Faut-il et comment dénoncer des confrères et faut-il et comment les défendre ?


Dénoncer des confrères ?
Que faire quand on sait qu'un praticien (confrère, consoeur) ne pratique pas selon les Règles de l'Art ? 
Cette question, nous nous la posons fréquemment, et nous ne savons pas comment y répondre.
La première chose que nous faisons tous est de ne plus adresser de patients aux confrères que nous soupçonnons de mauvaises pratiques. Mais, à l'évidence, ce n'est pas aussi simple que cela. D'une part, parce que l'offre de soins n'est pas extensible et qu'exercer dans une petite ville ou dans une zone rurale limitent les choix. D'autre part, parce que les patients ont des préférences et qu'il est difficile, de but en blanc, de s'y opposer. Enfin, parce que, dans l'esprit des patients, il existe, notamment quand il s'agit de spécialistes, 'une croyance  en l'interchangeabilité des médecins (consulter un spécialiste en DCI)  et que cette croyance est plutôt favorable à la profession.
Mais, vous l'avez deviné, cela ne suffit pas.
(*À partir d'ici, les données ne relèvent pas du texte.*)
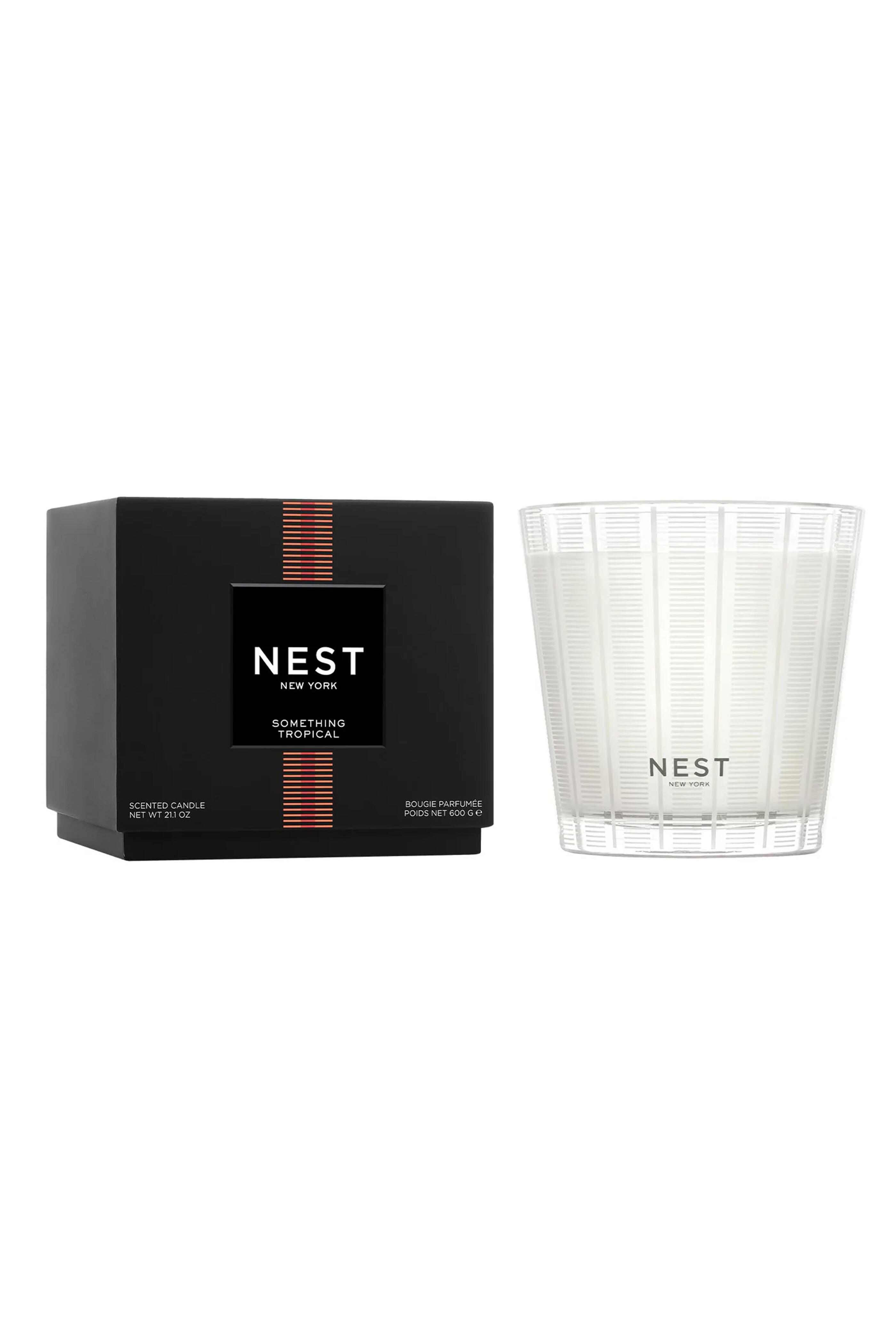 Scented, white wax. Glass vessel. A vibrant daydream painted in luscious layers of passion fruit, strawberry, and mango, wrapped in the soft bloom of peony and hibiscus. Grounded in the warmth of cashmere woods, this scented candle is a joyful invitation to imagine your own paradise.. Frosted stripe design on glass. Up to 100 hours burn time. Made in New York. Clean burn with 100% lead-free and cotton wicks.

Le vrai problème n'est-il pas d'agir pour empêcher ce médecin ou cette structure de nuire ? 
Le premier écueil est celui-ci : quels sont nos critères ? Pourquoi, et sur quels éléments nous fondons-nous pour juger ? Ne sommes-nous pas subjectifs ? Notre impression est-elle partagée par d'autres ? N'en faisons-nous pas une affaire personnelle ? La pratique des groupes de pairs et l'échange pendant ces réunions est une donnée fondamentale d'appréciation.
Le second écueil, nous semble-t-il, est de savoir si une dénonciation ne va pas entraîner une cascade de conséquences dont le jugement de notre propre activité et un déchaînement de règlements de compte, finalement défavorable pour la profession tout entière ?
Mais, plaçons-nous dans une perspective morale qui serait que notre devoir nous impose de parler sur la place publique de pratiques que nous considérons comme défavorables à "nos" patients.
Comment procéder ?
Il est possible de recenser un certain nombre de moyens : téléphoner au collègue ; lui écrire de façon confraternelle ; ou le menacer ; ou le dénoncer au Conseil de l'Ordre ; ou à la CPAM ; ou à des associations de consommateurs ; ou à la presse médicale ou grand public.
Je ne l'ai jamais fait.
Ai-je eu tort ?
Si quelqu'un a des avis sur la question.
Mais il n'existe pas que des problèmes médicaux, il existe aussi des problèmes administratifs où, à l'évidence, un collègue ou un établissement de soins facture mal ou sur facture. Ce qui équivaut à un vol des deniers publics.
Ne parlons pas non plus des dépassements excessifs ou des dépassement tout simples, mais sous le manteau.
Faut-il envoyer le service de la répression des fraudes ?

Défendre un collègue ?
Une affaire récente qui s'est produite dans mon département et, même, sur mon territoire de garde, me paraît exemplaire des limites de la défense confraternelle.
En gros, voici des faits : un collègue surfacture et mobilise le ban et l'arrière-ban de l'establishment local pour le soutenir : politiques, syndicats, associations. Et tout le monde de monter sur ses grands chevaux pour défendre le confrère. Je me suis posé la question, simple, du rôle des syndicats médicaux : pourquoi défendent-ils quelqu'un qui, à l'évidence, a manqué à ses obligations administratives ? 
Je comprends que l'on doive défendre un collègue, il a, comme tout le monde le droit d'être défendu, mais est-ce le rôle des syndicats médicaux de prendre parti ? Que les syndicats lui offrent toutes les possibilités de se défendre, certes, qu'ils lui ouvrent toutes les portes, certes, mais qu'ils se lancent dans une surenchère qui conduit, vu de l'intérieur de la profession, à justifier des faits qui paraissent condamnables a priori, j'en suis moins sûr.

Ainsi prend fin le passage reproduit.